Goal of the exercise:
Print the records below exactly, from the line containing "Conjunto Moto Bomba" down to the line containing "Загрунтованное основание ДенсТоп ПМ 601", both lines included, and omit every picture.

_ _ _ _

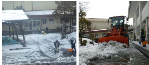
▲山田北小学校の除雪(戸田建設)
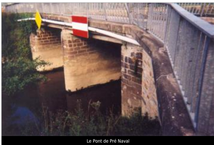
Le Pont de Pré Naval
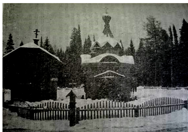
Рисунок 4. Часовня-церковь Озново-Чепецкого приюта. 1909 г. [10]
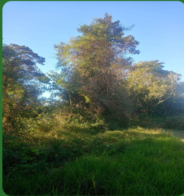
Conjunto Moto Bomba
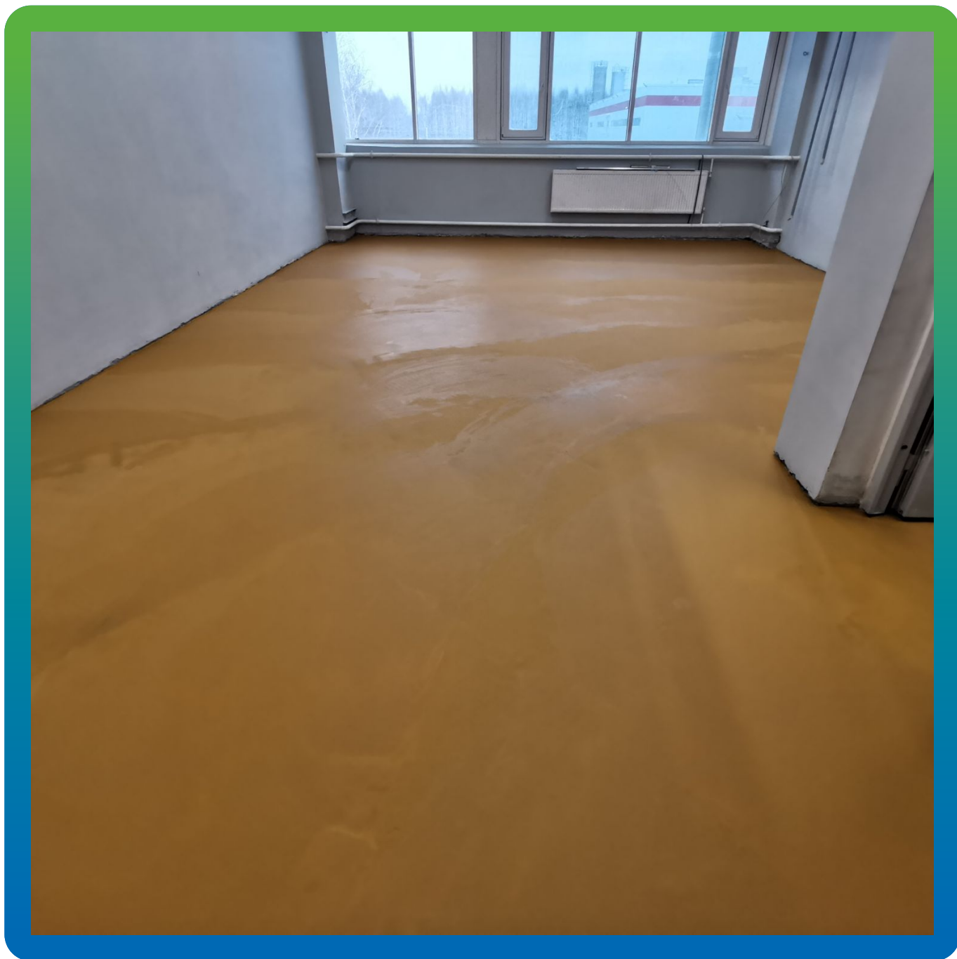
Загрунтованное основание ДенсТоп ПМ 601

_ _ _ _

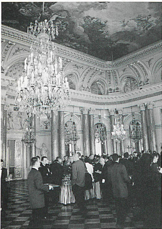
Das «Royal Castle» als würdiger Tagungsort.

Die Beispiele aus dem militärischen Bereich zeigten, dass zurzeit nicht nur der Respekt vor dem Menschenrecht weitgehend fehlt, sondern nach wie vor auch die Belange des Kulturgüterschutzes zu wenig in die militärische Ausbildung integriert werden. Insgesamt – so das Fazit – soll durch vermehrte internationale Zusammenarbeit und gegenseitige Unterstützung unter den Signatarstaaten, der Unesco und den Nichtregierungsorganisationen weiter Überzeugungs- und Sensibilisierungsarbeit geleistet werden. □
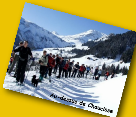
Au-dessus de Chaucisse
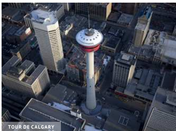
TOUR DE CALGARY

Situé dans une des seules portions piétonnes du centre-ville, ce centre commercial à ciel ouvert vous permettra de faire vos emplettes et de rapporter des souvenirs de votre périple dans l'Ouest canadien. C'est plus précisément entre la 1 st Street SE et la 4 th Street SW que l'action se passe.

_ _ _ _

Reply:
Conjunto Moto Bomba
Загрунтованное основание ДенсТоп ПМ 601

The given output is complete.